◆ MATERIAL SHOWN ◆
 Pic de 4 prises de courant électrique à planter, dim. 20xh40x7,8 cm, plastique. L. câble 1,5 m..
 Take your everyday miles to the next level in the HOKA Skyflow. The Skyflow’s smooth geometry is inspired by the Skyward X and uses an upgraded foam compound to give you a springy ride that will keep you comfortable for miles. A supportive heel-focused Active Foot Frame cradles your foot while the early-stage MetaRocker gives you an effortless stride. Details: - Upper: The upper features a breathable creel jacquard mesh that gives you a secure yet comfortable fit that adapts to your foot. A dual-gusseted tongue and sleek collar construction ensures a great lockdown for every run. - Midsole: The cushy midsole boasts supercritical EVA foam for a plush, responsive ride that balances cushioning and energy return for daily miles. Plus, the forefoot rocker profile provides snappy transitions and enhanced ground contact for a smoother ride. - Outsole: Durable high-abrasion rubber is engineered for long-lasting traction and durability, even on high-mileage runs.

...

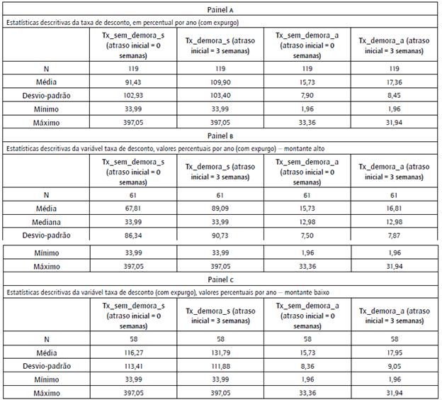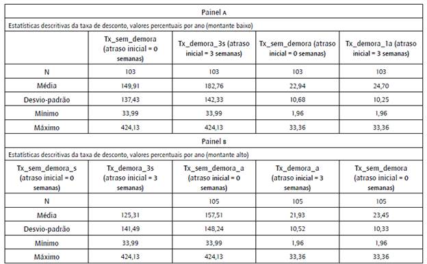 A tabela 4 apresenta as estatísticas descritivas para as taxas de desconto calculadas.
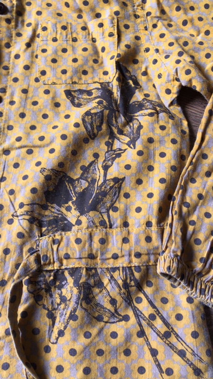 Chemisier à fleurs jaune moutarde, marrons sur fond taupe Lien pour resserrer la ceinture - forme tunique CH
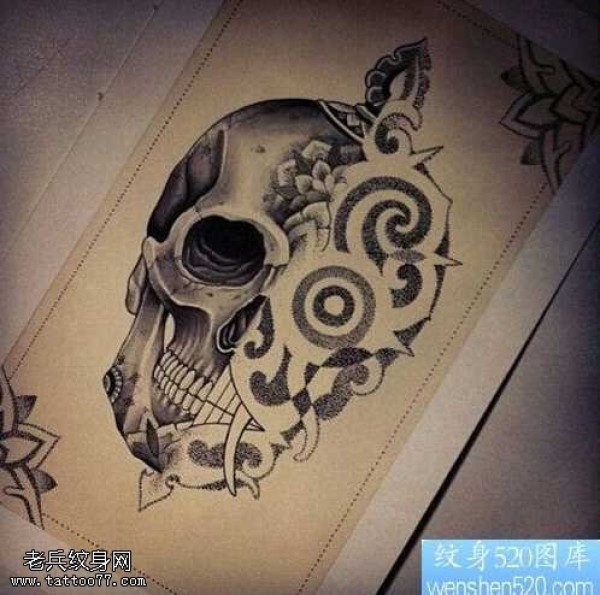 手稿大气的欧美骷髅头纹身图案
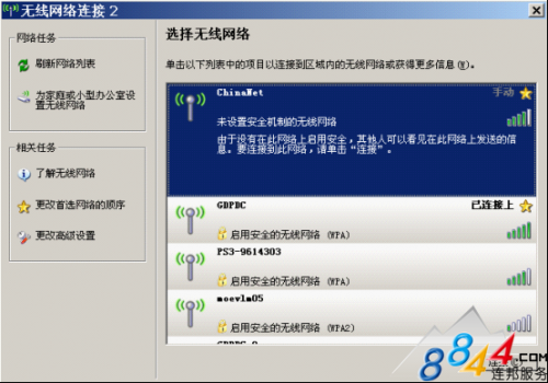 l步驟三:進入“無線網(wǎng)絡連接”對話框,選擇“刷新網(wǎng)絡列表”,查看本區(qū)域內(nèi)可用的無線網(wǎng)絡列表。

==

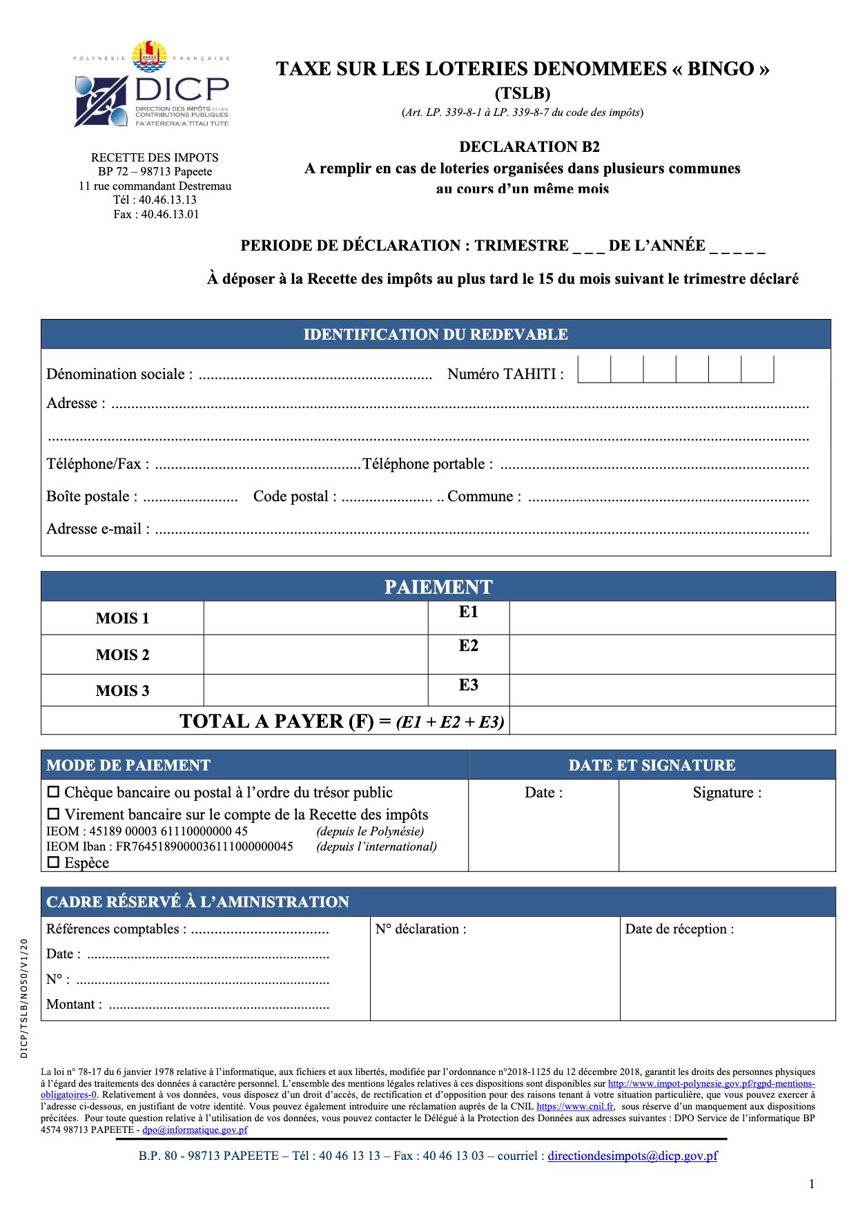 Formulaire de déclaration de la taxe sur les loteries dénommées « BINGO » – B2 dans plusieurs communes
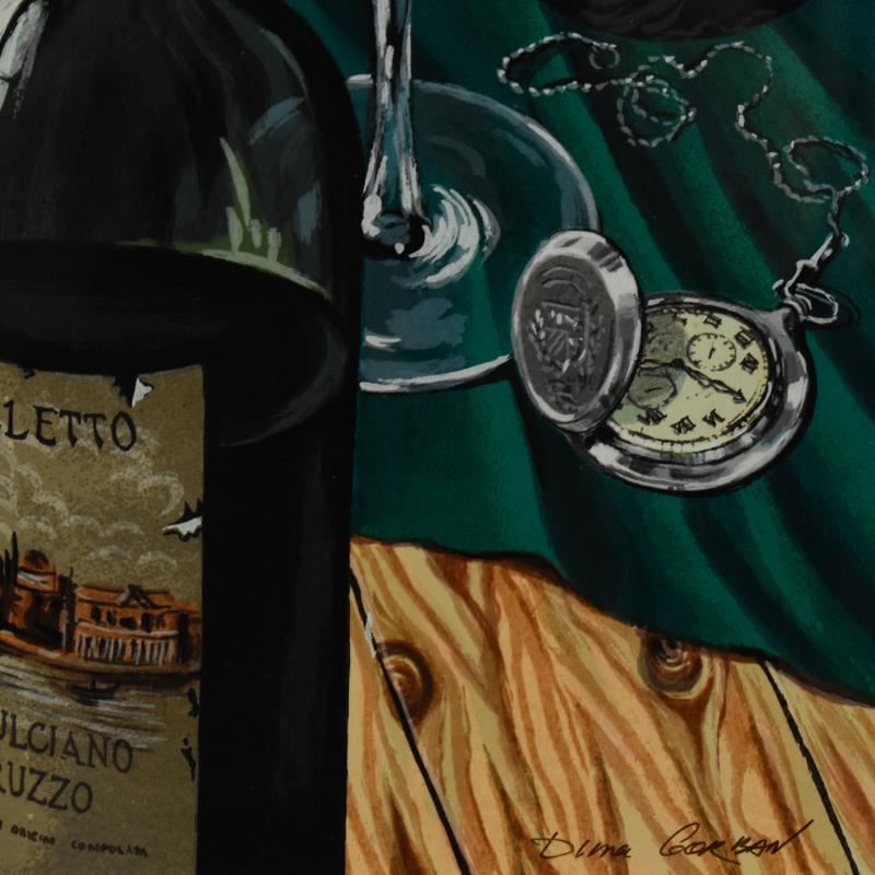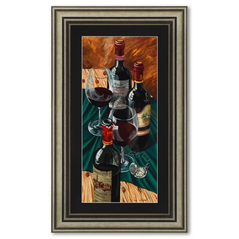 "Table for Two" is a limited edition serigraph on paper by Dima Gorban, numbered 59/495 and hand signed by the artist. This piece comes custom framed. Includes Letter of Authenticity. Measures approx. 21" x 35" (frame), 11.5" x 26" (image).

◆ WHAT YOU HAVE TO DO ◆
From the entries above, return exactly the line containing "Pic de 4 prises", the line containing "Take your everyday", and all lines between, and nothing else.

◆ WRITTEN SOLUTION ◆
 Pic de 4 prises de courant électrique à planter, dim. 20xh40x7,8 cm, plastique. L. câble 1,5 m..
 Take your everyday miles to the next level in the HOKA Skyflow. The Skyflow’s smooth geometry is inspired by the Skyward X and uses an upgraded foam compound to give you a springy ride that will keep you comfortable for miles. A supportive heel-focused Active Foot Frame cradles your foot while the early-stage MetaRocker gives you an effortless stride. Details: - Upper: The upper features a breathable creel jacquard mesh that gives you a secure yet comfortable fit that adapts to your foot. A dual-gusseted tongue and sleek collar construction ensures a great lockdown for every run. - Midsole: The cushy midsole boasts supercritical EVA foam for a plush, responsive ride that balances cushioning and energy return for daily miles. Plus, the forefoot rocker profile provides snappy transitions and enhanced ground contact for a smoother ride. - Outsole: Durable high-abrasion rubber is engineered for long-lasting traction and durability, even on high-mileage runs.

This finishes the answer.